Instructions to follow: Retype word for word the stretch of entries below from the line that has "Instantly share photos" through the line that has "Matarakyatta, Bulukumba.- Memasuki", and omit the pictures.

Exercise materials:
......

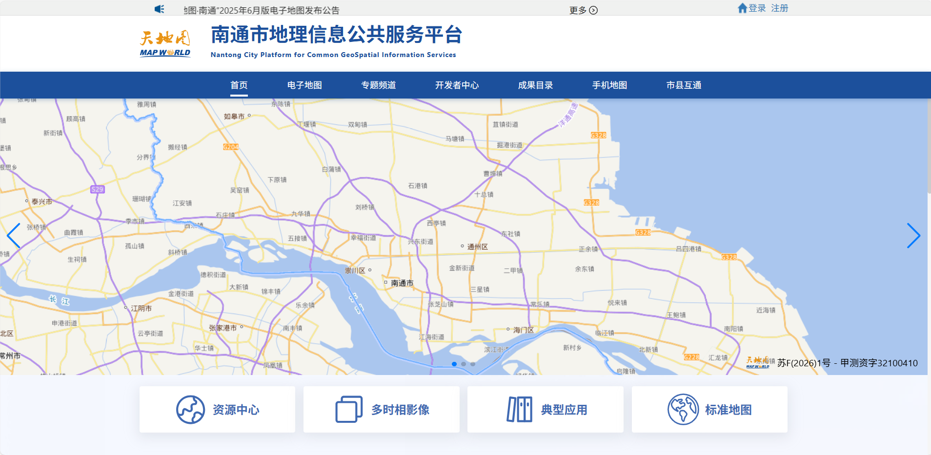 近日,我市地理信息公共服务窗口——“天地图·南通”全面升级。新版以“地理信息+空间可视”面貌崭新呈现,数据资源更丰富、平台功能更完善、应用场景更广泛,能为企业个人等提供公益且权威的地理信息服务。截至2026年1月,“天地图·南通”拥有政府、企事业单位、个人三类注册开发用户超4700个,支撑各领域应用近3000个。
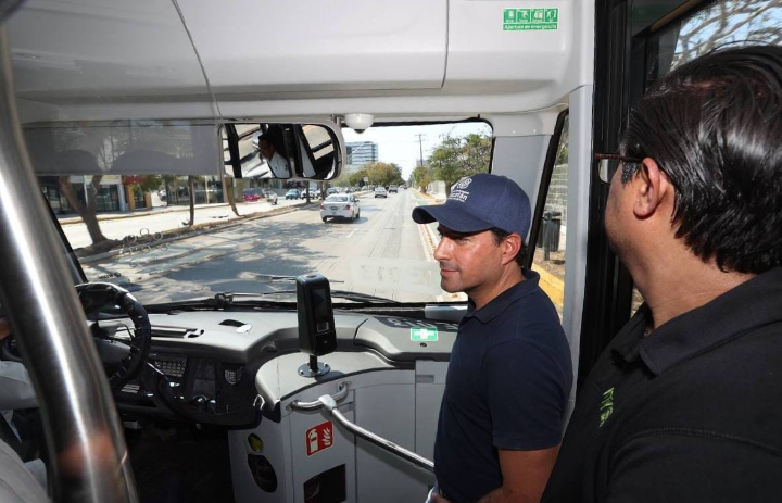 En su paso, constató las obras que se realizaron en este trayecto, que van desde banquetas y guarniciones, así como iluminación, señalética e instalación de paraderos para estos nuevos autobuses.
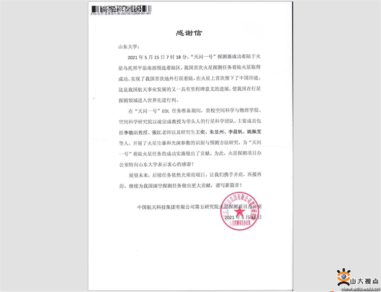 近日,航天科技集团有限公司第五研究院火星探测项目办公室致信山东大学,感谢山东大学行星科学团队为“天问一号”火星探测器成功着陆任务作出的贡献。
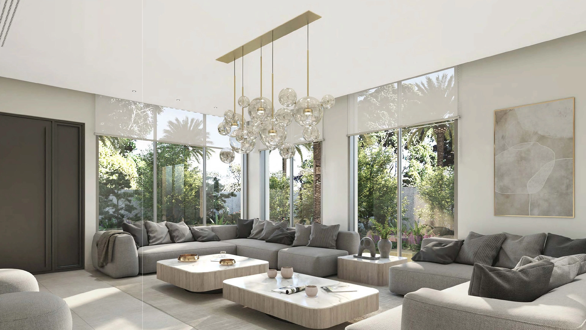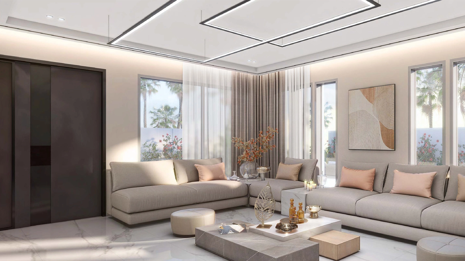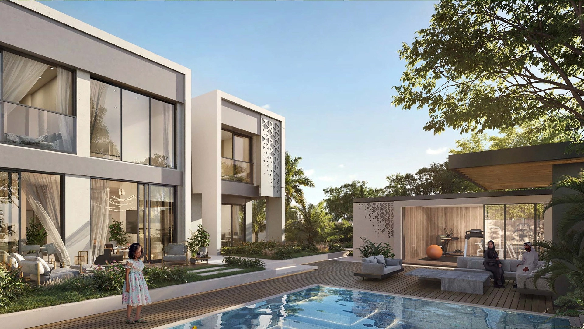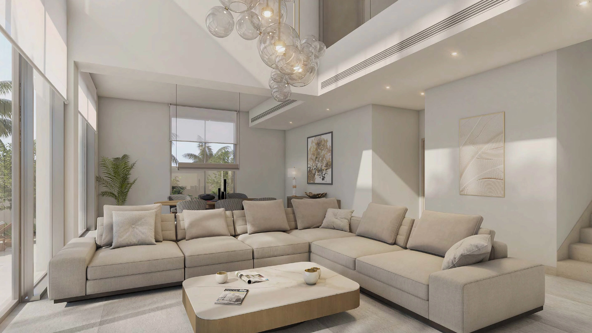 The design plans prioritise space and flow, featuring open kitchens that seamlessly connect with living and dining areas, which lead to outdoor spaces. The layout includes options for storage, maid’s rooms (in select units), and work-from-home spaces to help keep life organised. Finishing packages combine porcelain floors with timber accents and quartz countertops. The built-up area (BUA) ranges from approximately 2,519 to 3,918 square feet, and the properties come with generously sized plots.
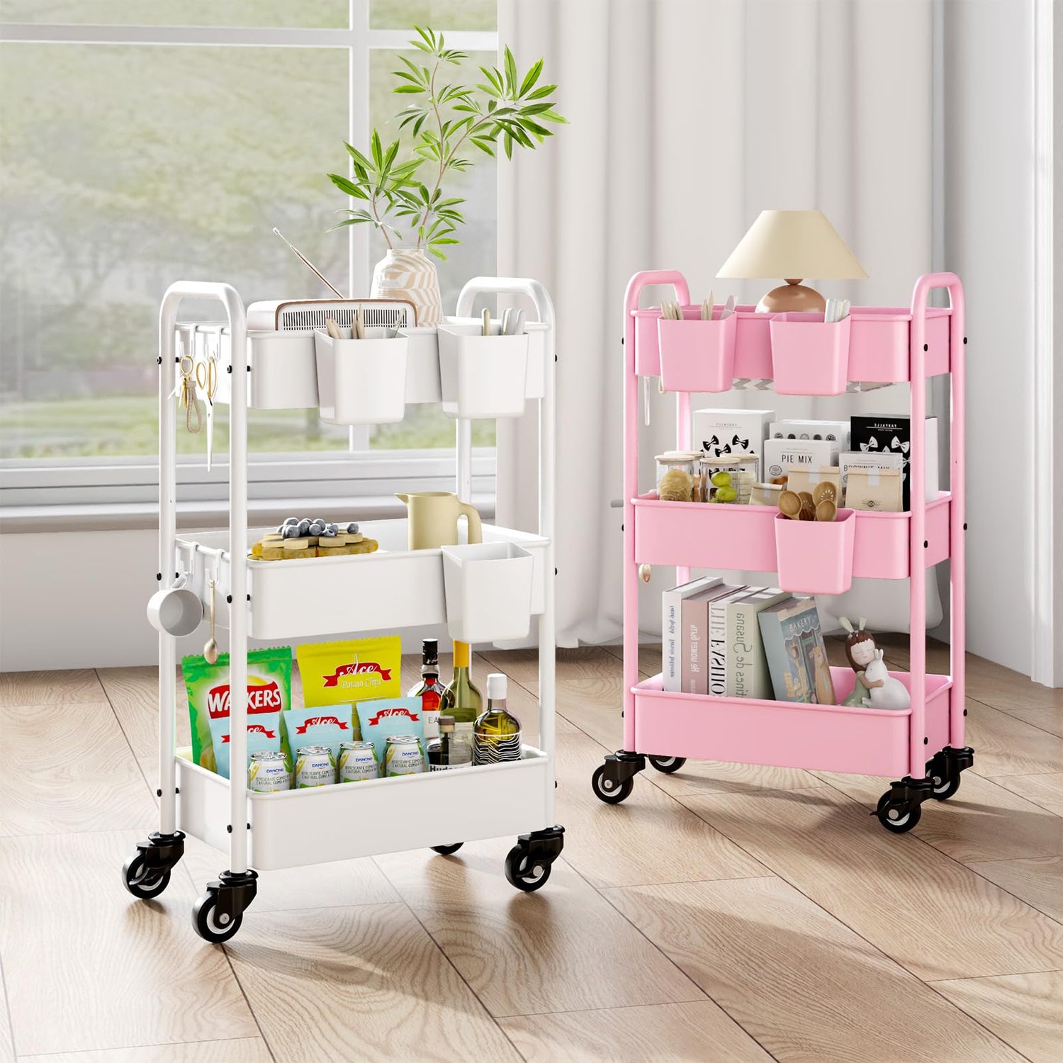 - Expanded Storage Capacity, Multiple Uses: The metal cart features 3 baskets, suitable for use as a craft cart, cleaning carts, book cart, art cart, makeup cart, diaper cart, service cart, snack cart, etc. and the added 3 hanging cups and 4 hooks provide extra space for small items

......

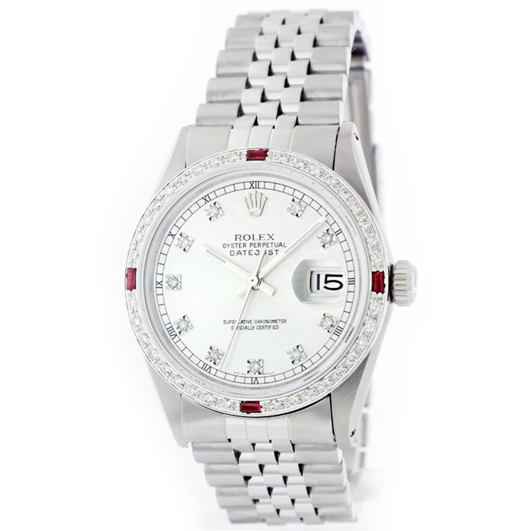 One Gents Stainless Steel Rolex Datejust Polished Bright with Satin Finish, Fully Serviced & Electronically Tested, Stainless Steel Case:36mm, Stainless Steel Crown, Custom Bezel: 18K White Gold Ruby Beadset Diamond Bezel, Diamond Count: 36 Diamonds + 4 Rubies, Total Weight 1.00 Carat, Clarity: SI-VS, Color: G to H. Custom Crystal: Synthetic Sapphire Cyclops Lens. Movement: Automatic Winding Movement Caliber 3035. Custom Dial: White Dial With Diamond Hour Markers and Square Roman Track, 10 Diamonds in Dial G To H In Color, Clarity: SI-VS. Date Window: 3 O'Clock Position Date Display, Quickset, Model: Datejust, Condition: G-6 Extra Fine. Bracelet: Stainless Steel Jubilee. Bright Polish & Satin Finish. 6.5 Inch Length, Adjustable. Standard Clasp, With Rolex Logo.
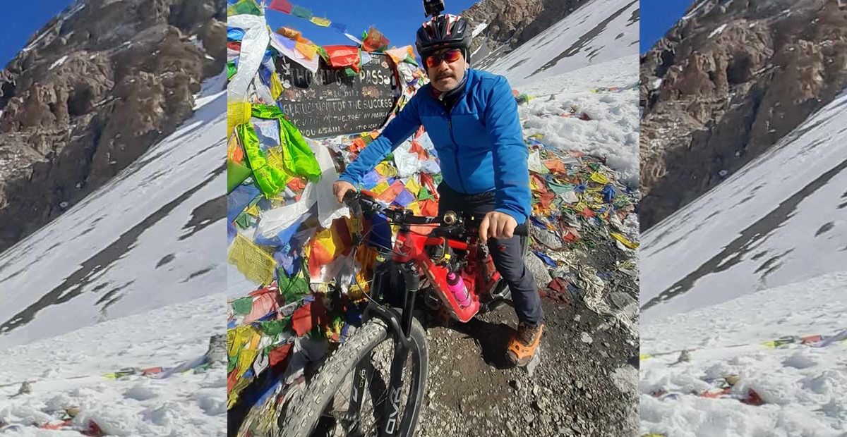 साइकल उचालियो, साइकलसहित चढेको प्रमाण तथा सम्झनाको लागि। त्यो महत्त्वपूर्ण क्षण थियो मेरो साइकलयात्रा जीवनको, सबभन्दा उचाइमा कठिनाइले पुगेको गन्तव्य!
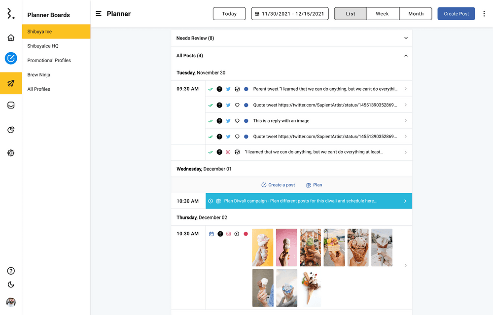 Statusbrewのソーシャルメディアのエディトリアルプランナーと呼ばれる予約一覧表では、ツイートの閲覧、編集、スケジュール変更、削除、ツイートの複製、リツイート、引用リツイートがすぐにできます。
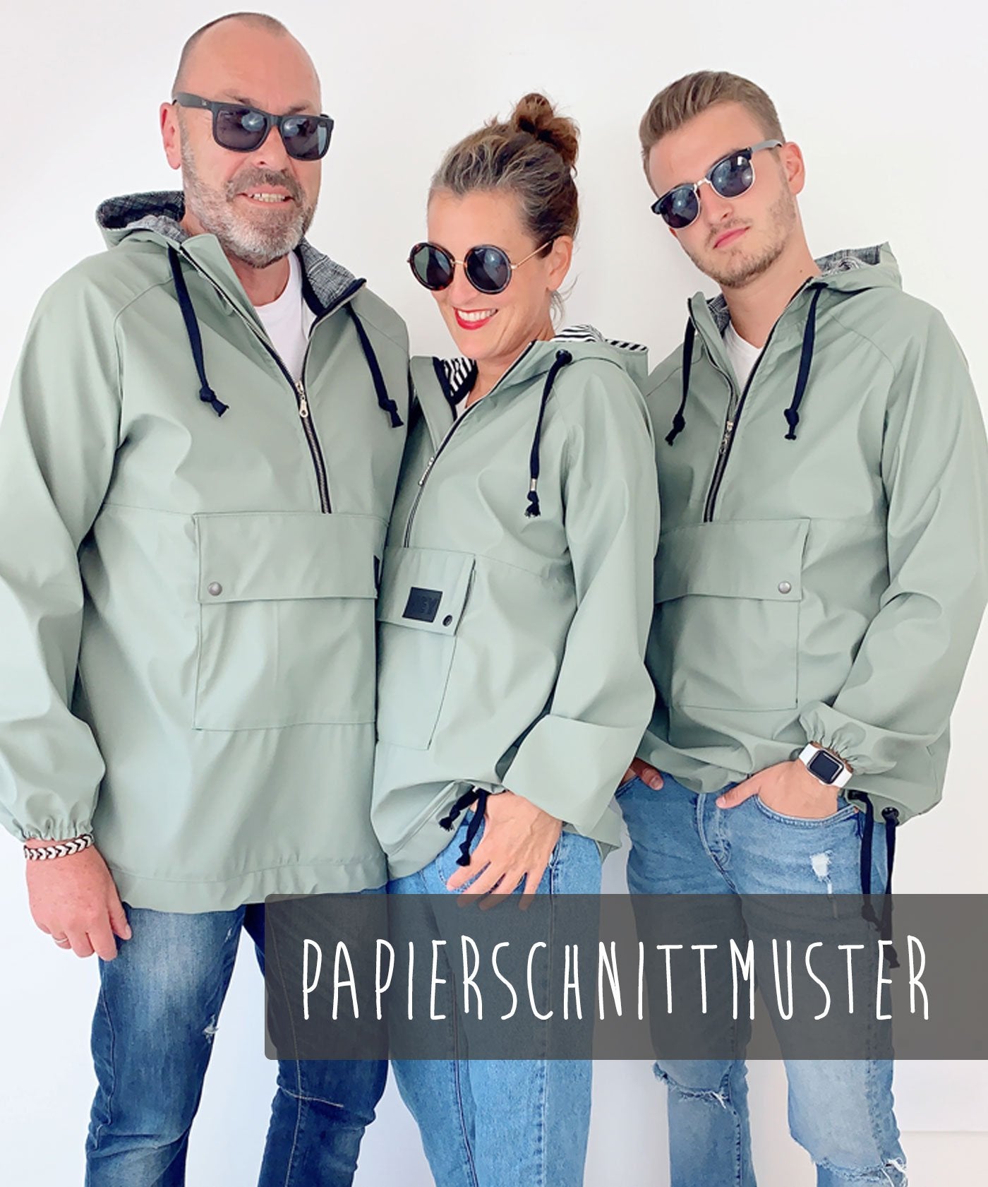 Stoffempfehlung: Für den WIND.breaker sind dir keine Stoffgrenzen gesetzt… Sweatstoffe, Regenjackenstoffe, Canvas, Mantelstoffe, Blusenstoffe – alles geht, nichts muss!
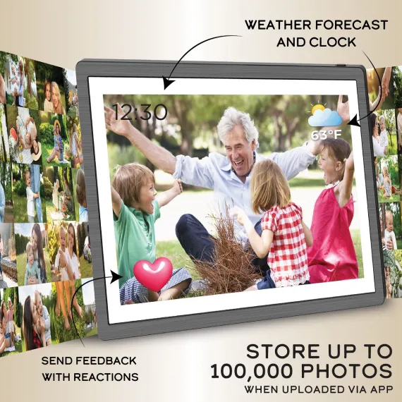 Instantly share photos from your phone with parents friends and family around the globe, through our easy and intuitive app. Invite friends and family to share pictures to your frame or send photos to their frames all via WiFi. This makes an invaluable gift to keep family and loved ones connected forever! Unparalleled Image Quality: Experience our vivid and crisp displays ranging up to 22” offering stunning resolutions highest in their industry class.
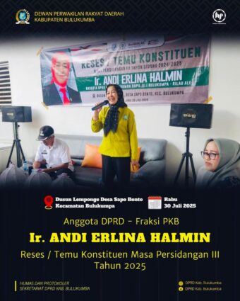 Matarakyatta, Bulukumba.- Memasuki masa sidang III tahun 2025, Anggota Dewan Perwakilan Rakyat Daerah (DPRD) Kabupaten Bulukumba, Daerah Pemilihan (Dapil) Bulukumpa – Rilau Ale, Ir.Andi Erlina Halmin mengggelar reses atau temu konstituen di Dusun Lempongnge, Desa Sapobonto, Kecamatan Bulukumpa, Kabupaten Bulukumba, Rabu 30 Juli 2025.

......

Solved exercise:
 Instantly share photos from your phone with parents friends and family around the globe, through our easy and intuitive app. Invite friends and family to share pictures to your frame or send photos to their frames all via WiFi. This makes an invaluable gift to keep family and loved ones connected forever! Unparalleled Image Quality: Experience our vivid and crisp displays ranging up to 22” offering stunning resolutions highest in their industry class.
 Matarakyatta, Bulukumba.- Memasuki masa sidang III tahun 2025, Anggota Dewan Perwakilan Rakyat Daerah (DPRD) Kabupaten Bulukumba, Daerah Pemilihan (Dapil) Bulukumpa – Rilau Ale, Ir.Andi Erlina Halmin mengggelar reses atau temu konstituen di Dusun Lempongnge, Desa Sapobonto, Kecamatan Bulukumpa, Kabupaten Bulukumba, Rabu 30 Juli 2025.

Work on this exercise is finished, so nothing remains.